Год Дракона. Глава 13
– Да, – прошептал Подгол, – зрю. – Опытный кмет, он обмазал свое широкое лицо болотной грязью, и теперь лишь узкие щелки глаз его блестели, отражая лунный свет. – Изымати нада их, десятский. Вон тот мунгит у них вроде бы за старшего. Хороший язык будет, – добавил Подгол, указывая на тучного молодого монгола, спешившегося с низкорослой лохматой лошади. Стоял он впереди остальных и зорко всматривался в противоположный берег. Затем повернулся и что-то тихо сказал.
Всего монголов было четверо. Остальные трое, услышав команду, быстро спешились, взяли в руки длинные жерди и осторожно пошли к воде.
Десятский подъехал еще ближе к краю обрыва, чтобы лучше видеть происходящее. В небе стояла полная луна, ее свет отражался от бритых голов монголов. Они уже зашли в воду по пояс и, тихо переговариваясь между собой, замеряли глубины, делая длинными ножами отметки на шестах.
– Подгол, Дмитр, – тихо молвил десятский, осторожно опуская ветку и слегка придерживая ее. – Ведаете, что делать? Без замятки!
В ту же секунду двое молодых воинов соскочили с коней. Что-то тихо шепнув им на ухо, они передали бразды товарищам и начали снимать одежду, аккуратно складывая ее в большие кожаные мешки, прикрепленные к седлам. Раздевшись донага, каждый надел широкий ремень и закрепил на нем два ножа с тяжелыми свинцовыми рукоятками и длинные веревки. Затем бесшумно они прошли вверх по течению около двухсот метров и вошли в реку.

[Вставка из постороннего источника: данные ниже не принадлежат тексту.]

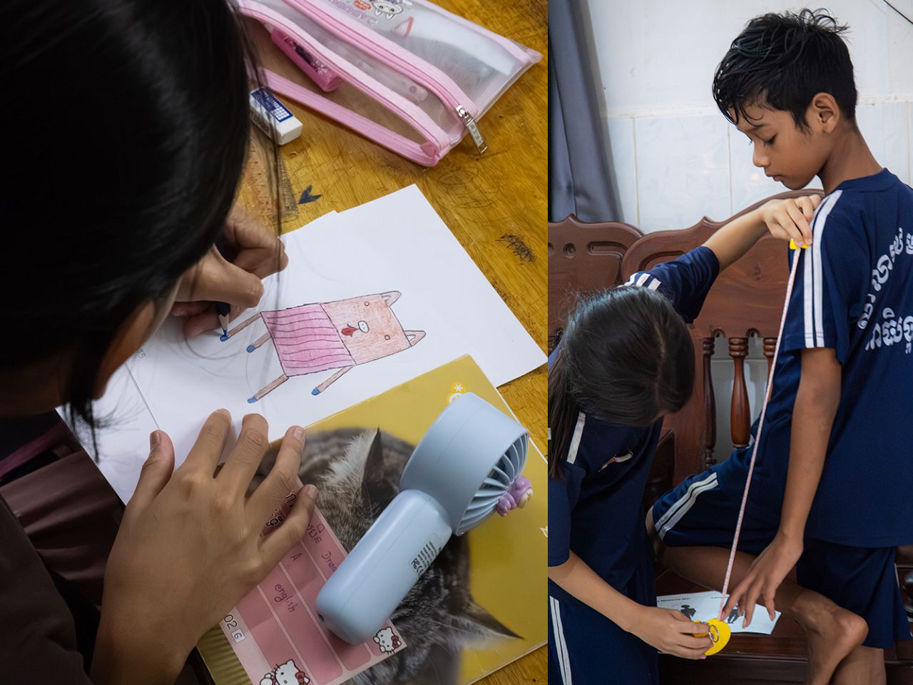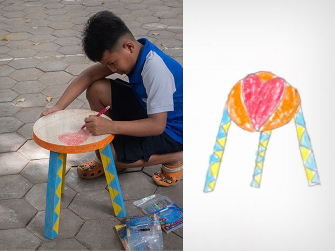 Created in collaboration with students from an English school in Siem Reap, the project places children at the center of the design process. Rather than correcting or refining their ideas to fit adult notions of good design, the project embraces the rawness of children’s imagination. More than seventy children participated, each drawing their own version of a chair or stool as an initial exploration of form, balance, and function. These drawings were treated as genuine starting points rather than symbolic exercises.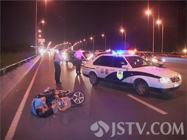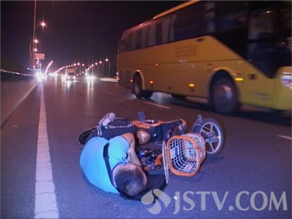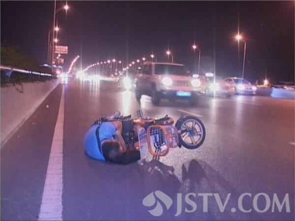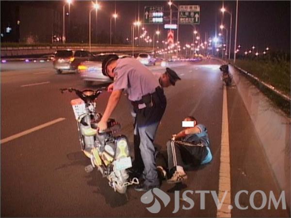 今晚九点半,的哥洪师傅开车由北向南路过龙蟠南路高架上时突然发现路面快车道上横躺着一名中年男子和一辆电动车,紧急刹车绕过男子及电动车,惊出了一身冷汗随即报警。很快秦淮区特巡警赶到现场,由于高架上车速极快,频频险象环生。一名民警不顾自身安危站在男子前方,一边打手势,一边将警车停在男子前方,上前询问发现男子可能喝多了酒,醉倒在高架上不省人事,紧接赶到的交警及120将男子喊醒后,带上警车送往三大队醒酒。很多路过的车主表示电动车本身就不允许上高架,像这样醉倒在高架上更是匪夷所思的行为,幸亏发现及时才未酿大祸。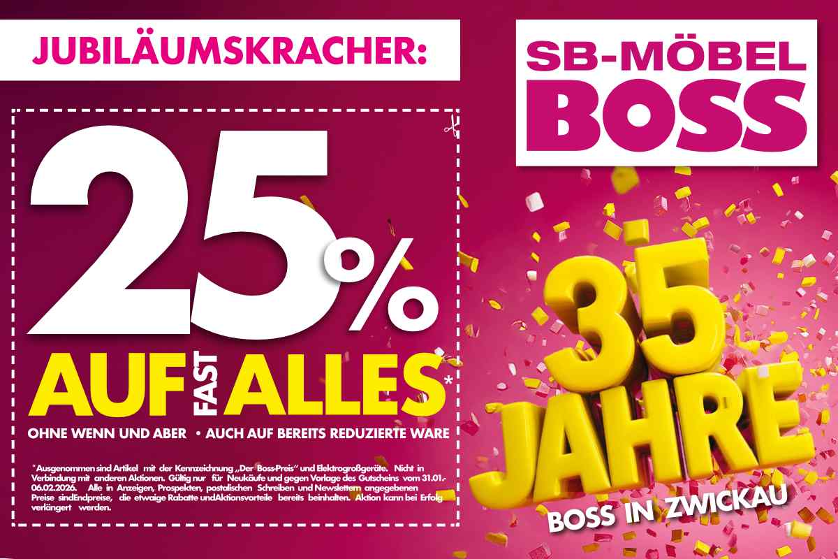 Zwickau – Möbel Boss in Zwickau feiert ein großes Jubiläum! Seit 35 Jahren sind sie Euer Partner für günstige Einrichtung.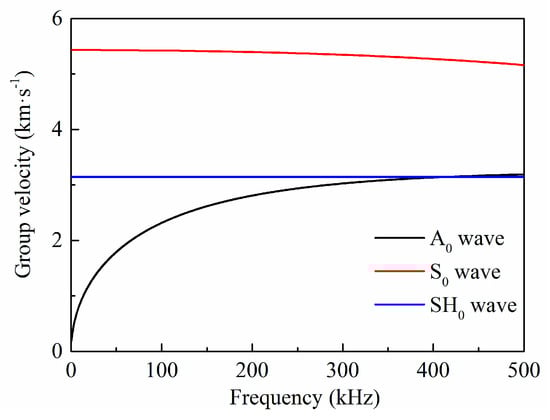 In order for the convenience of analysis, Figure 2 presented the group velocity of guided waves for a 2 mm-thick aluminum plate. It can be found that before the cut-off frequency, there only exist three wave modes, i.e., the A0 wave, S0 wave and SH0 wave. However, both the S0 wave and A0 wave are dispersive, which would lead signal distortion after wave propagation since the signal is excited in a certain bandwidth. In comparison, SH0 wave is totally non-dispersive.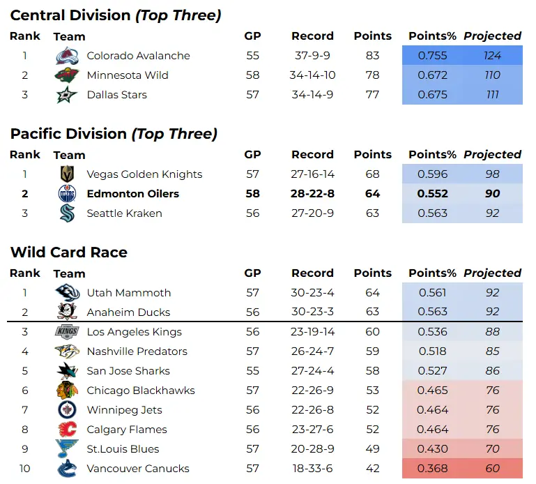 Simply put, the Oilers will need to elevate their play over the final quarter of the season, particularly with many more divisional matchups ahead. Their current points percentage is projected to be the lowest it has been in the past seven seasons, including this one. While their playoff odds remain statistically favourable, nothing is guaranteed, and merely settling for a wild‑card spot could mean a first‑round matchup against Colorado. Securing a top‑three finish in the Pacific must be the clear priority.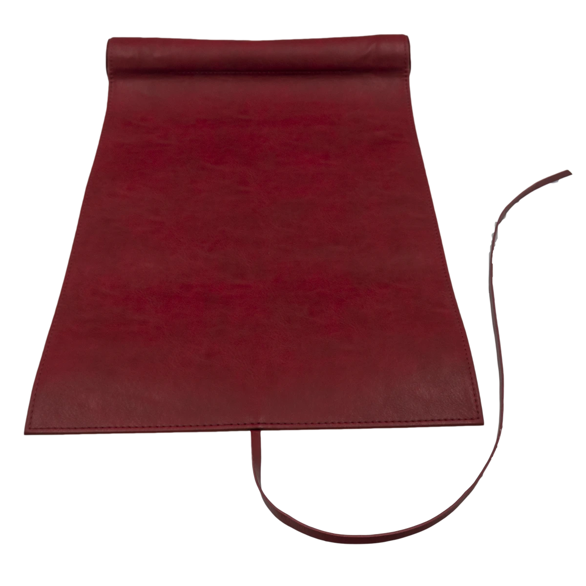 - Burgundy Red Leatherette exterior with cream-colored backing with D&D ampersands on each end of the scroll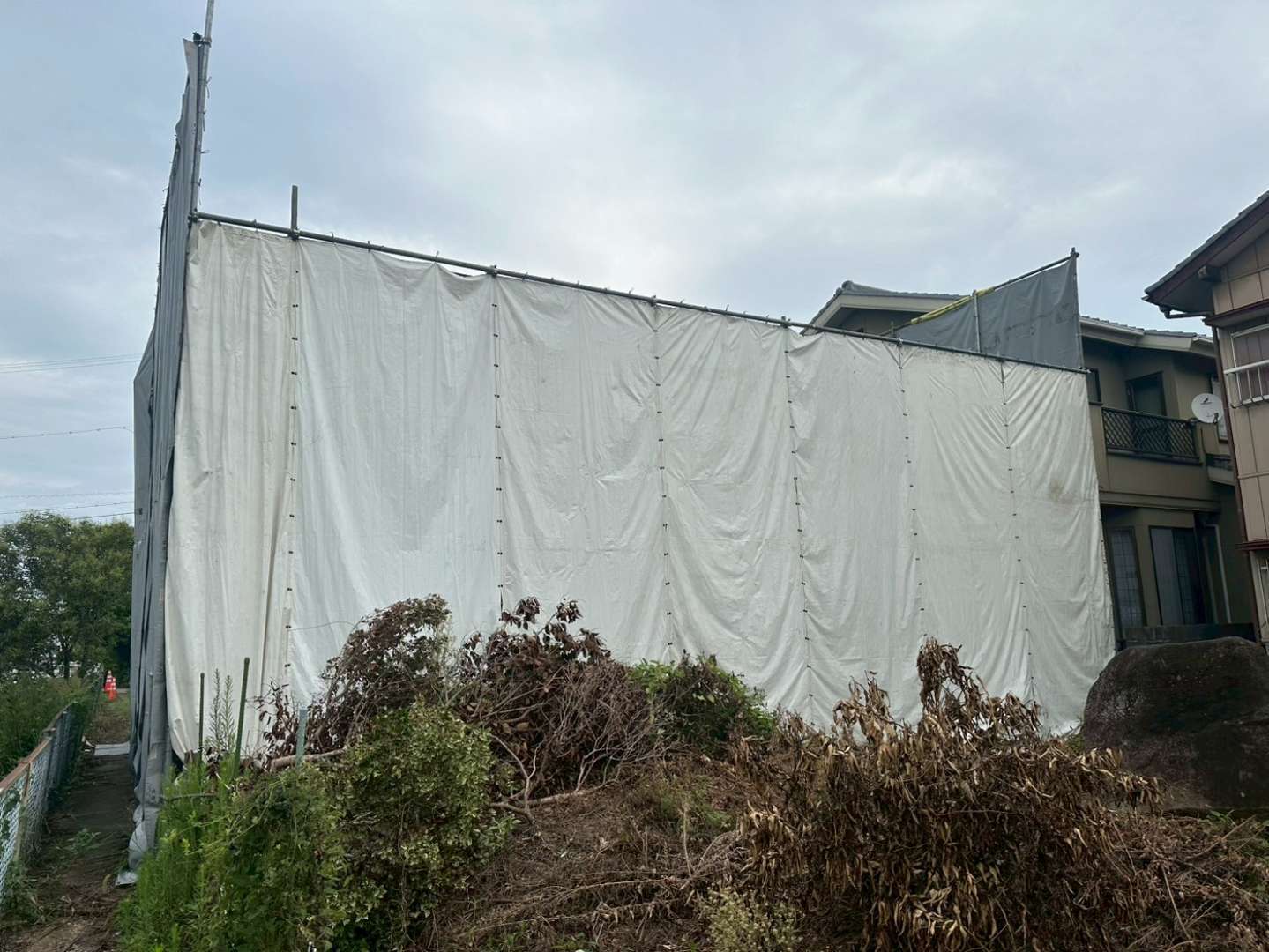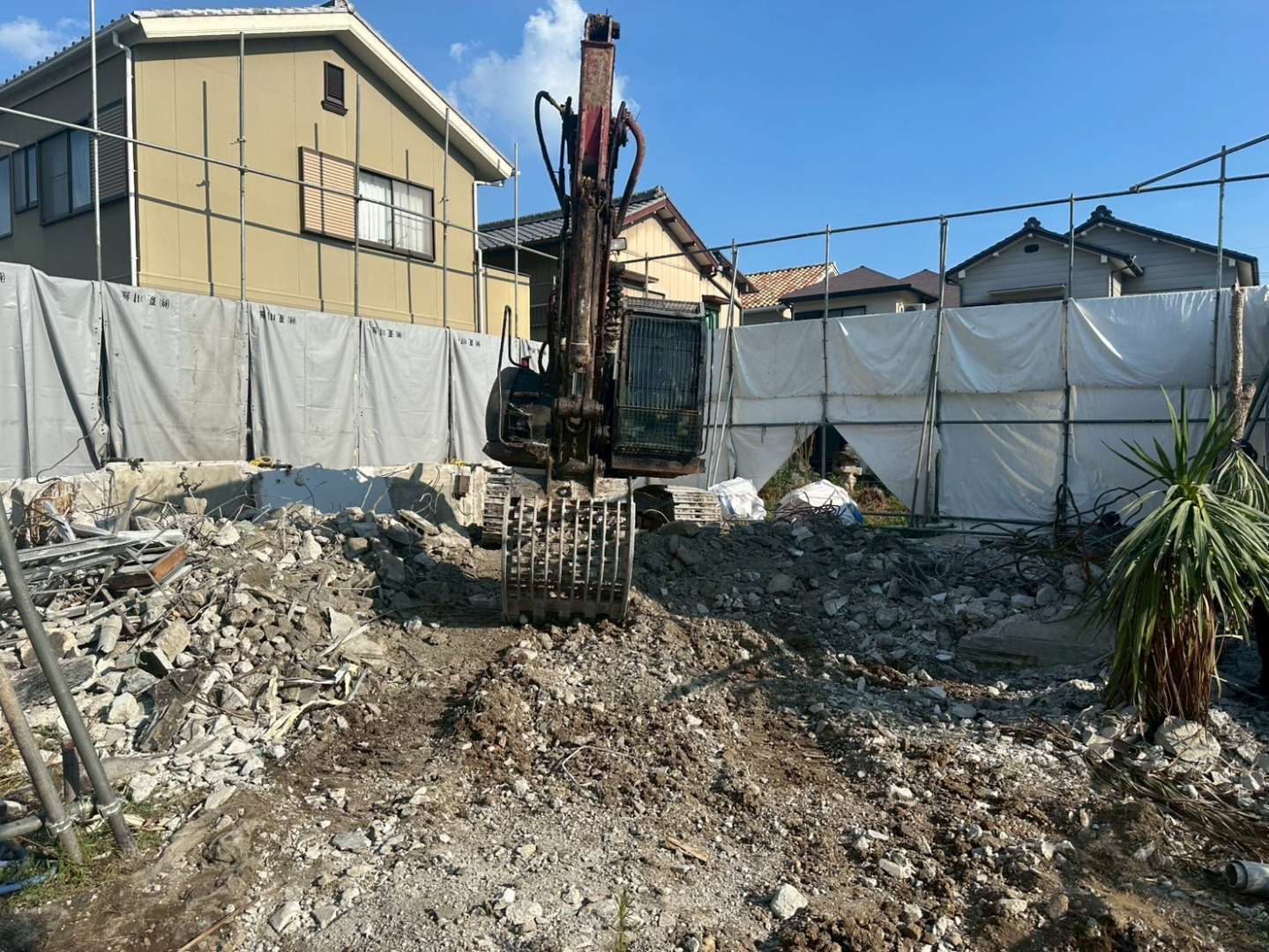 今回の現場は住宅密集地に位置しており、近隣住民の皆さまへの影響を最小限に抑えるため、騒音・振動・粉塵への対策を徹底。事前のご挨拶まわりをはじめ、作業時間の調整や防音・防塵シートの適切な設置など、細やかな配慮を重ねながら作業を進めました。

– О, еще студеная! – Подгол наклонился и срезал две тонкие длинные трубки тростника. Одну из них он протянул Дмирту. – Держи, кажись, то, что надо.
Они зажали тростник во рту и бесшумно погрузились в воду с головой. Цепляясь за камни и коряги на дне реки, вои быстро под водой совершенно бесшумно двигались к татарам, стоящим уже по грудь в Воже.
Их командир, юртич Бурундай, отправив нукеров мерить броды, разлегся на влажной от росы траве. Он достал бурдюк и, не без труда откупорив его, начал потягивать бражный кумыс, закусывая его хургитом.
Между тем трое нукеров в реке продолжали медленно продвигаться вперед. Постепенно они разошлись в стороны. В некоторых местах вода доходила им уже до шеи, ноги вязли в иле. Подгол и Дмитр, дыша под водой через тростниковые трубки, вначале атаковали монгола, стоящего по течению ниже всех. Все произошло мгновенно: Дмитр резко дернул нукера сразу за обе ноги. Потеряв равновесие, тот без всплеска ушел под воду, и Подгол одним ударом ножа перерезал ему горло. Дмитр сильно толкнул труп, и нукер отправился в свое последнее путешествие вниз по Воже к Днестру. Очень скоро за ним последовали и два других мунгита. Им также беззвучно перерезали горло и осторожно опустили в воду.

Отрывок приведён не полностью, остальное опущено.